- Task brief -
Reproduce exactly the line that contains "Στις ακτινογραφίες διακρίνονται" and every line after it through the end of the records below, leaving out all pictures.

- Exercise input -
▼

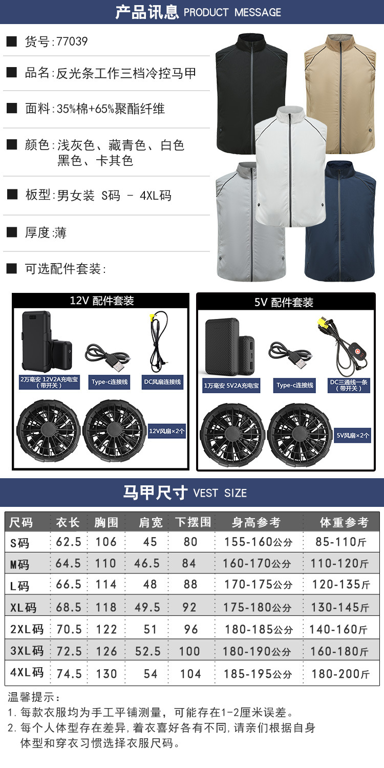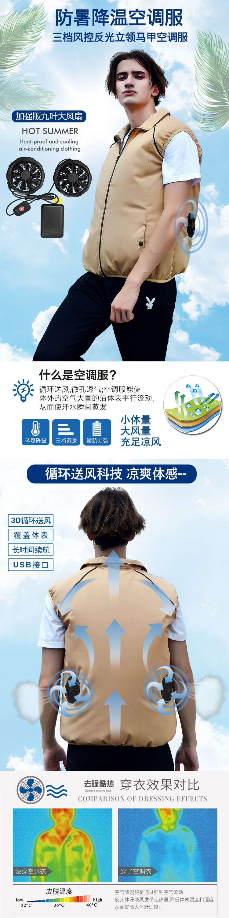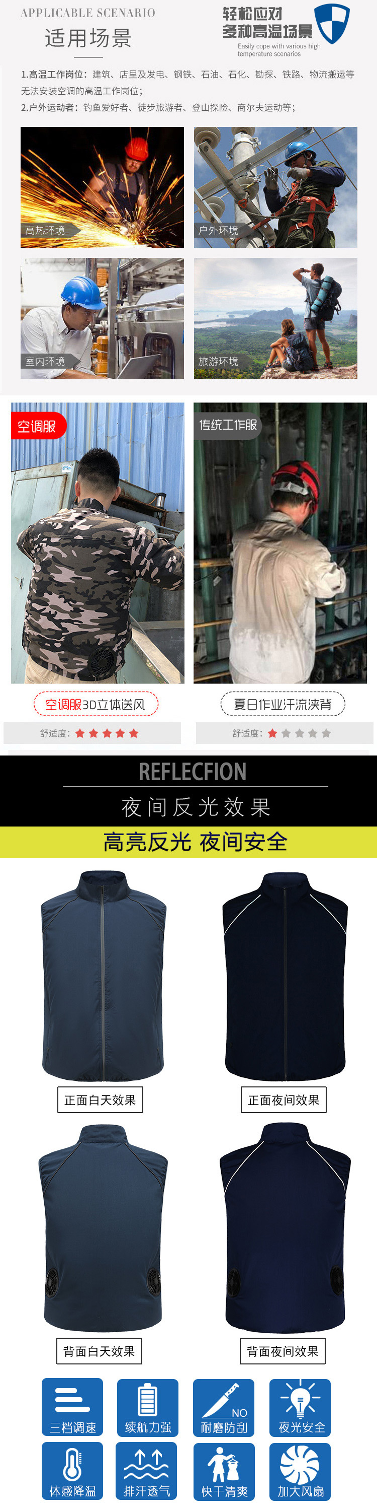 야외 여름 수분 흡수 팬 세트 12V 냉각 에어컨 세트 조끼 여름 반사 스트립 노동 보호 작업 옷스토어 가기
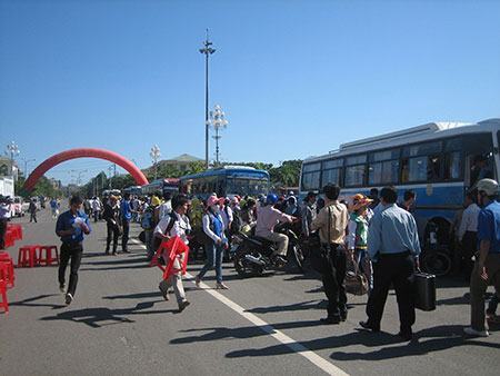 Hàng chục xe ôtô đưa miễn phí thí sinh Quảng Ngãi đi thi ngày 2/7/2011.
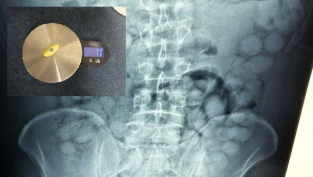 Στις ακτινογραφίες διακρίνονται οι συσκευασίες που είχε καταπιεί με τους γιατρούς να εντοπίζουν 100 κάψουλες των 11 γραμμαρίων η καθεμία.
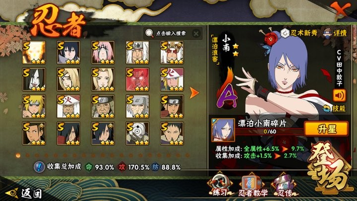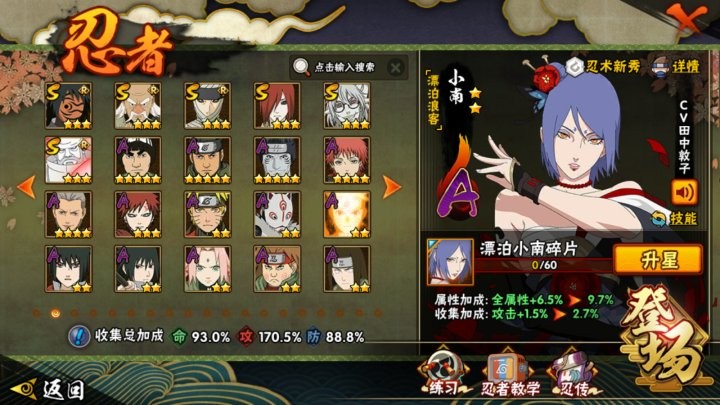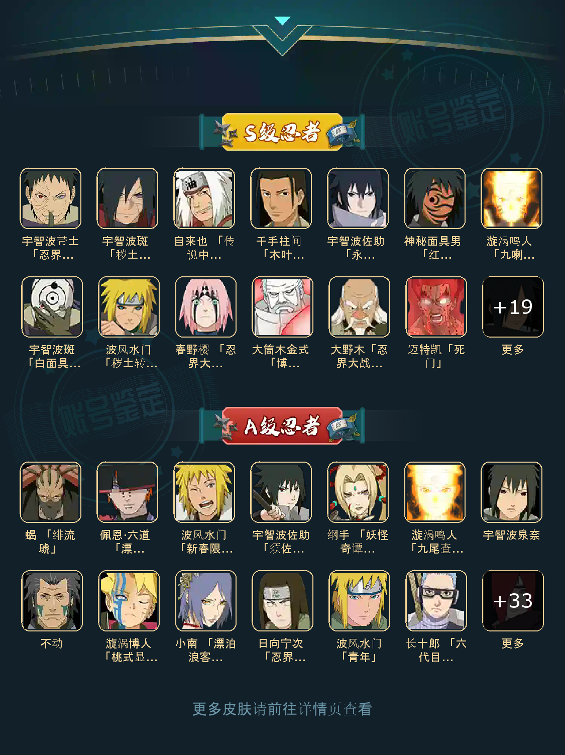 战力:1232W+;S忍31个;A忍40个,通灵兽18个,S忍:九喇嘛鸣人永恒万花筒佐助忍战樱普通自来也豪杰自来也大蛇丸普通纲手百豪纲手死门凯波风水门秽土水门猿飞日斩秽土猿飞秽土扉间千手柱间木叶创立柱间秽土斑木叶创立斑白面具忍战带土红夜面具
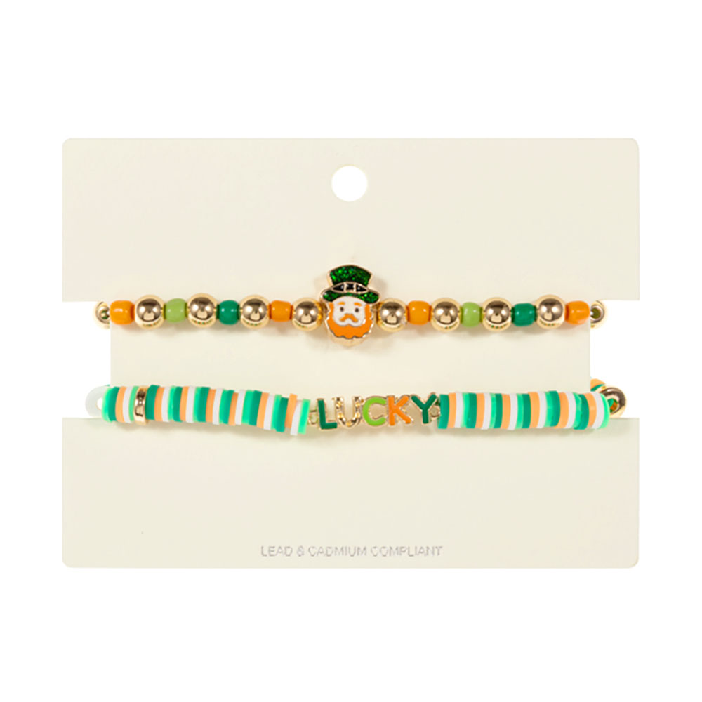 Details • Size : 0.8" H • Stretchable • Two-piece stretchy bracelet set featuring playful charm accents and mixed bead designs for easy stacking or solo wear. Lightweight and comfortable with a flexible fit, perfect for everyday styling, festive outfits, or gifting to add a fun and trendy touch. • Lead and Nickel Compliant

▲

- Answer to this task -
 Στις ακτινογραφίες διακρίνονται οι συσκευασίες που είχε καταπιεί με τους γιατρούς να εντοπίζουν 100 κάψουλες των 11 γραμμαρίων η καθεμία.
 战力:1232W+;S忍31个;A忍40个,通灵兽18个,S忍:九喇嘛鸣人永恒万花筒佐助忍战樱普通自来也豪杰自来也大蛇丸普通纲手百豪纲手死门凯波风水门秽土水门猿飞日斩秽土猿飞秽土扉间千手柱间木叶创立柱间秽土斑木叶创立斑白面具忍战带土红夜面具
 Details • Size : 0.8" H • Stretchable • Two-piece stretchy bracelet set featuring playful charm accents and mixed bead designs for easy stacking or solo wear. Lightweight and comfortable with a flexible fit, perfect for everyday styling, festive outfits, or gifting to add a fun and trendy touch. • Lead and Nickel Compliant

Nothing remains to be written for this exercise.